Error in resuming training from checkpoint
Search before asking
- [x] I have searched the RF-DETR issues and found no similar bug report.
Bug
When using model.train with the resume argument and a checkpoint path, an error occurs at line 483 of main.py:
File "/usr/local/lib/python3.12/site-packages/rfdetr/detr.py", line 83, in train
self.train_from_config(config, **kwargs)
File "/usr/local/lib/python3.12/site-packages/rfdetr/detr.py", line 191, in train_from_config
self.model.train(
File "/usr/local/lib/python3.12/site-packages/rfdetr/main.py", line 483, in train
results = test_stats["results_json"]
^^^^^^^^^^
UnboundLocalError: cannot access local variable 'test_stats' where it is not associated with a value
Environment
- RF-DETR: 1.3.0
- OS: Modal / debian slim
- Python: 3.12.12
- GPU: Nvidia H100
Minimal Reproducible Example
Run some training, I only tried with the segmentation model:
from rfdetr import RFDETRSegPreview
model = RFDETRSegPreview()
model.train(
dataset_dir="DATASET_DIR",
epochs=2,
batch_size=1,
grad_accum_steps=1,
lr=1e-4,
output_dir="OUTPUT_DIR"
)
Then try to continue the training from the latest checkpoint. Note that the same happens if you try to continue from an epoch checkpoint.
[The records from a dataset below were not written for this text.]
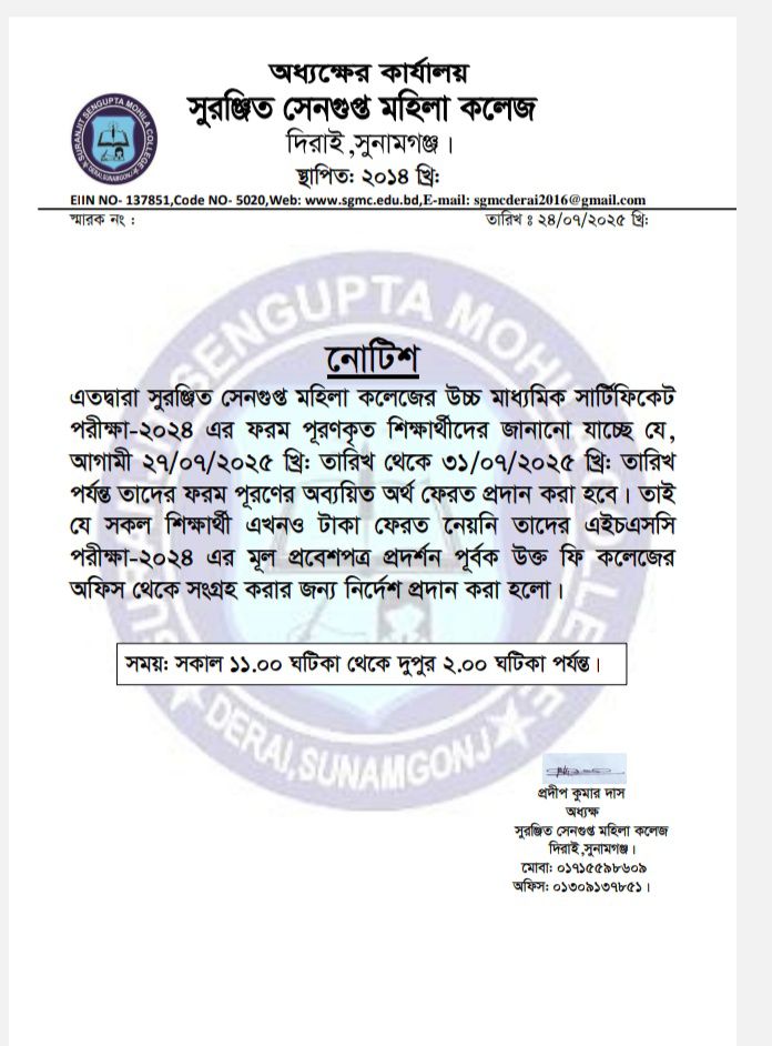 ফরম পূরনকৃত শিক্ষার্থীদের অব্যয়িত অর্থ ফেরত প্রদান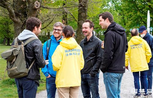 Kocht和Torki是慕尼黑大学生,他们偶然路过,看到学员庆祝法轮大法日的活动,觉得非常喜庆。这是他们第一次听说法轮功,当得知以真、善、忍为修炼原则的法轮功学员在中国被中共血腥迫害二十多年,都觉得不可思议。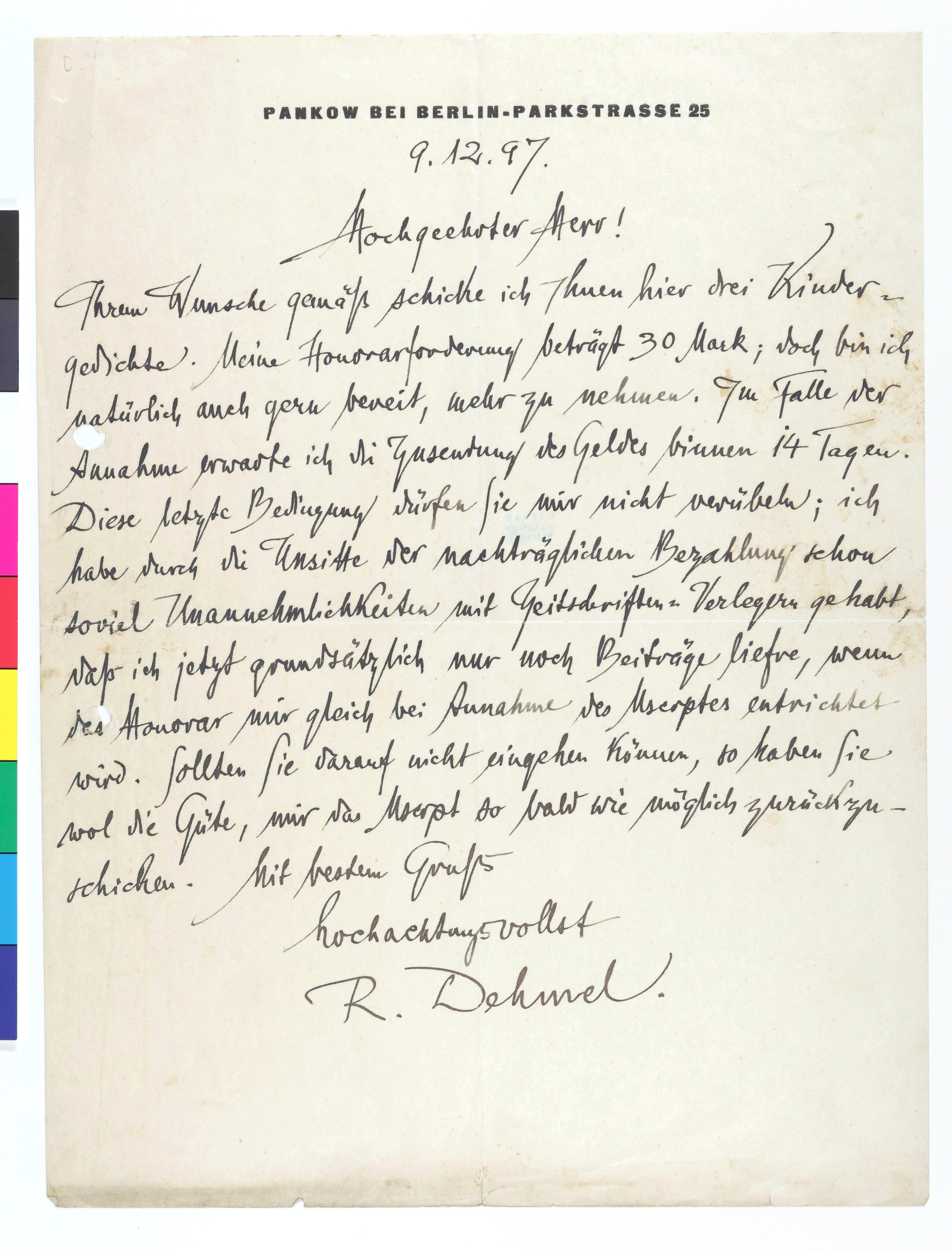 gedichte. Meine Honorarforderung beträgt 30 Mark; doch bin ich

model = RFDETRSegPreview()
model.train(
dataset_dir="DATASET_DIR",
epochs=2,
batch_size=1,
grad_accum_steps=1,
lr=1e-4,
output_dir="OUTPUT_DIR",
resume="OUTPUT_DIR/checkpoint.pth"
)
Additional
It looks like the issue might be with the line 297 to 304 of main.py:
if not args.eval and 'optimizer' in checkpoint and 'lr_scheduler' in checkpoint and 'epoch' in checkpoint:
optimizer.load_state_dict(checkpoint['optimizer'])
lr_scheduler.load_state_dict(checkpoint['lr_scheduler'])
args.start_epoch = checkpoint['epoch'] + 1
if args.eval:
test_stats, coco_evaluator = evaluate(
model, criterion, postprocess, data_loader_val, base_ds, device, args)
args.eval is False by default, so the test_stats variable does not get populated. If I pass True to it, the error goes away, but that's not correct either, as then the optimizer state won't load and the training won't happen at all, it will only evaluate the model on the test set as far as I can tell...
Maybe the evaluate(...) call and assignments should happen regardless of args.eval?
Are you willing to submit a PR?
- [x] Yes, I'd like to help by submitting a PR!
I encounter the same bug, did you find any solutions?
I encounter the same bug, did you find any solutions?
I add "device=device" in model.train() to resume training and the error has gone.
After digging into this, the root cause is not actually args.eval, but a resume + epochs logic bug.
When resuming, RF-DETR does:
args.start_epoch = checkpoint["epoch"] + 1
If the user resumes from a checkpoint whose epoch is ≥ epochs, the training loop never runs even once. For example:
checkpoint epoch = 1 epochs = 2 → start_epoch = 2 → range(start_epoch, epochs) is empty
In this case:
no training step runs
no validation/test runs
test_stats is never created
However, at the end of train() RF-DETR still unconditionally executes:
results = test_stats["results_json"]
which causes:
UnboundLocalError: test_stats not defined
This is why:
the first training run works
resuming with a small epochs value crashes
setting eval=True “fixes” it (because it forces evaluate() to run), but that is not correct since it skips training and optimizer loading
In RF-DETR, epochs currently means total epochs, not epochs to run after resume. So when resuming from epoch N, epochs must be > N (e.g. resume at 115 → epochs ≥ 116).
Suggested fixes
Any of the following would resolve this cleanly:
Guard access to test_stats:
if "test_stats" in locals(): results = test_stats["results_json"]
Detect invalid resume configuration early:
if args.start_epoch >= args.epochs: logger.warning("start_epoch >= epochs, no training will run") return
This would prevent the crash and make the behavior much clearer for users.